Step 3. Selection of the Best Machine Learning Algorithm for Predicting the Occurrence of Voluntary Employee Turnover
Following the methodology outlined in the previous section, a training process was carried out using the following algorithms: naive Bayes, linear and nonlinear support vector machines, decision trees, k-nearest neighbors, and logistic regression. Cross-validation was used in the analysis.
Table 5 presents the training process results for all algorithms, along with the standard deviations of the accuracy metric.
Based on the obtained results, it can be concluded that the analysed models perform well in predicting the occurrence of voluntary employee turnover intentions. Each of the analysed models demonstrates over 80% accuracy. For further research, the nonlinear support vector machine algorithm was the most effective of the analysed algorithms.
Step 4. Simulations of the impact of factor removal on the SEM model and on the effectiveness of the machine learning model
At the beginning of this step, simulations of the SEM model were conducted by successively excluding individual items from the scale. The results of the SEM model fit, measured by changes in the RMSEA index following successive reductions, are presented in
Table 6.
In the next step, the impact of removing successive variables on the accuracy metric of the best-performing model – the nonlinear support vector machine – was verified. The results of these simulations are presented in
Table 7.
Step 5. Improvement of the psychometric scale based on the conducted SEM-ML simulations
In the next step, those factors were identified whose potential removal neither worsens the fit of the SEM model (i.e., leads to a decrease in the RMSEA index or maintains it at the same level) nor reduces the predictive performance of the machine learning model (measured by the average accuracy value in the cross-validation method).
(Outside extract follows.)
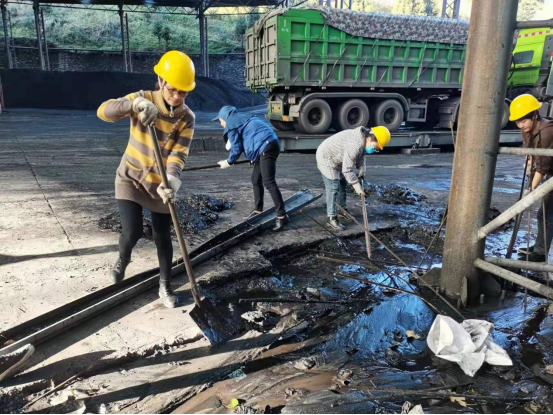 为加快推进兴云选煤厂外运装车点储煤场的大棚建设进度,切实做好厂区的环境保护工作,避免煤尘飞扬污染环境,杜绝环境污染事故的发生。化验车间按照厂的工作安排,于11月8日至11月10日,在保证正常生产的前提下,利用生产空闲时间,组织车间职工对兴云选煤厂外运装车点大棚柱子底部的积煤进行清理,确保土建对大棚柱子底部防撞墩浇筑施工顺利进行。大棚柱子底部地点狭窄,积煤、积水多,清理难度大。化验车间党支部书记李正红同志带领大家冒着严寒分工协作,打积水,铲积煤、拉推车,冒着严寒站在水里,不怕苦,不怕累地工作着,看着一棵棵柱子底被清理干净,大家沾满煤泥的脸上露出了喜悦的笑容。经过3天的组织清理,共清理21棵大棚柱子底部积煤,确保了土建浇筑柱子防撞墩施工的有序进行,加快推进了大棚施工的进度。为改善厂区环境卫生,切实做好环境保护工作打下了坚实的基础。

It was found that out of the 27 analysed items in the scale measuring turnover intention, three indicators meet the exclusion criteria. These factors are presented in
Table 8.
The table identifies three items (X₉, X₄, X₁₈) whose exclusion from the "voluntary turnover intentions" scale does not deteriorate either the measurement validity assessed by SEM (ΔRMSEA ≥ 0) or the predictive power of the best ML model (Δaccuracy ≤ 0). The removal of X₉ and X₁₈ even leads to a slight reduction in RMSEA without any change in accuracy, while the removal of X₄ results in the most considerable reduction in RMSEA (–0.00506) with a negligible impact on classification performance (–0.00001), making these items natural candidates for elimination. As a result, a shorter and more structurally compact scale is obtained, while still maintaining satisfactory SEM fit indices and high predictive power.
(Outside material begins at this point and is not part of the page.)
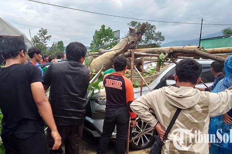 Toyota Veloz mendadak dikerubuti banyak orang setelah kondisinya semrawut digebrak pohon tumbang di dusun Pakel, Gerdu, Karangpandan, Karanganyar
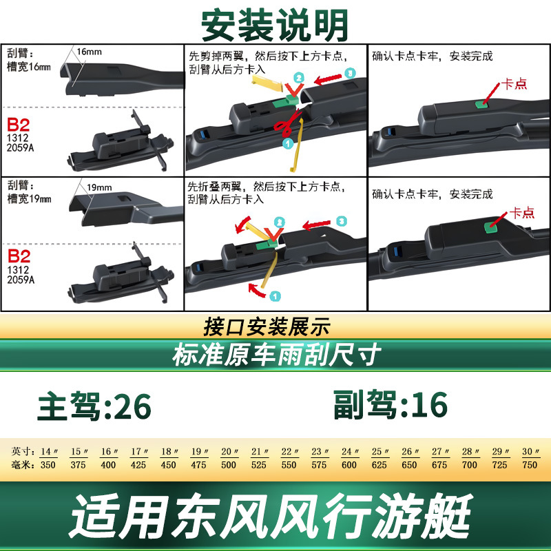 All-Weather Frameless Windshield Wiper Blades with Silent Rubber Strip for Dongfeng Forthing Yacht

In the final step, a SEM model was constructed, and the accuracy metric was calculated for the measurement scale after removing factors X₉, X₄, and X₁₈.
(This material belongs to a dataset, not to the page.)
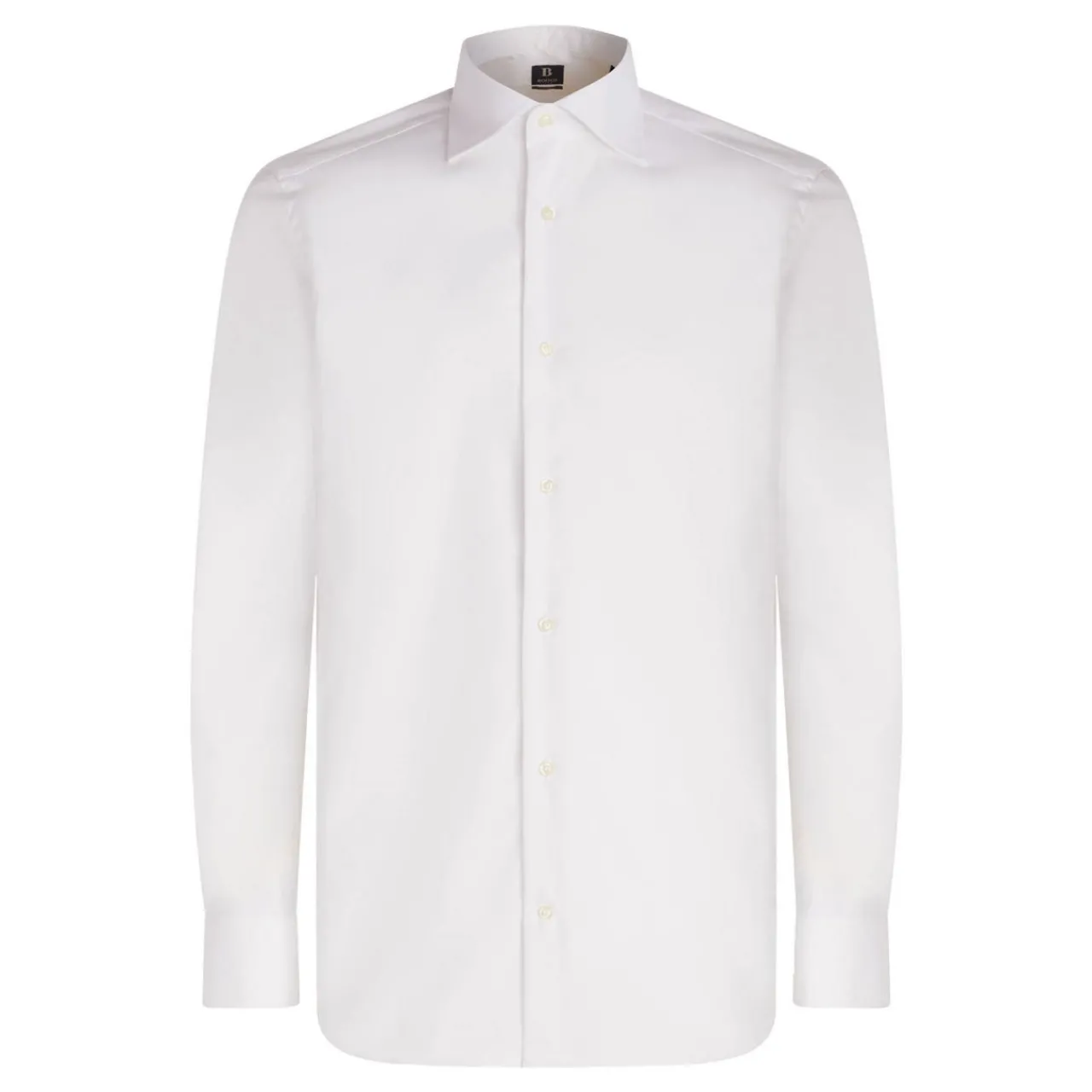 - Crease resistant, long sleeves, pointed collar, curved hemline, button fastenings, single cuffs

Table 9 presents the fit indices of the new, simplified SEM model for voluntary employee turnover intention.
The results presented in the table for the simplified SEM model (after removing X₉, X₄, and X₁₈) show a clear improvement in all key fit indices compared to the initial model. RMSEA decreased from 0.073 to 0.065, indicating a significant enhancement in model quality. At the same time, CFI increased from 0.878 to 0.911, and TLI from 0.868 to 0.903 – both now exceed the commonly accepted threshold of 0.90, signaling a strong representation of the theoretical structure. GFI (0.856 → 0.890), AGFI (0.844 → 0.880), and NFI (0.856 → 0.890) also improved by more than 0.03 points, confirming the overall better quality of the model. Lower values of the information criteria AIC (from 107.4 to 97.0) and BIC (from 373.4 to 334.5) indicate that a more economical model was obtained with fewer parameters, offering a better balance between parsimony and accuracy.
The new machine learning model (nonlinear support vector machine), without variables X₉, X₄, and X₁₈, achieved an average accuracy metric (calculated via cross-validation) of 0.8630 with a standard deviation of 0.017565.
The predictive performance of the selected ML classifier (nonlinear SVM) for the shortened scale also appears promising – the mean accuracy increased from 0.862 to 0.863, and the standard deviation remained at a similar level. Although the accuracy gain is modest, it demonstrates that eliminating the three variables improved SEM fit without any loss, and even with a slight enhancement of the ML model's predictive power. These results confirm that the applied method for item selection achieves its intended trade-off: it yields a more concise and theoretically coherent measurement tool while maintaining (and even slightly improving) its practical utility in classifying turnover intentions.
5. Conclusions
This article makes a significant contribution to the field of applied mathematics by extending the methodology of psychometric scale evaluation through an integrated approach that combines covariance-based SEM with machine learning algorithms. By proposing a general algorithm that simultaneously assesses the impact of individual indicators on model fit measures (RMSEA, CFI, TLI) and their role in classification performance (accuracy), the article sheds new light on the trade-offs between construct validity and the practical utility of measurement tools. Unlike traditional studies where SEM optimisation and predictive validation are treated separately, the proposed procedure integrates SEM parameter estimation (via maximum likelihood) with variable selection processes in the context of classifiers such as nonlinear SVMs, logistic regression, and decision trees. This approach enriches the theoretical foundations of structural equation modeling with an algorithmic learning perspective and demonstrates how optimisation tools and simultaneous data analysis can be used to construct more concise and effective psychometric scale structures.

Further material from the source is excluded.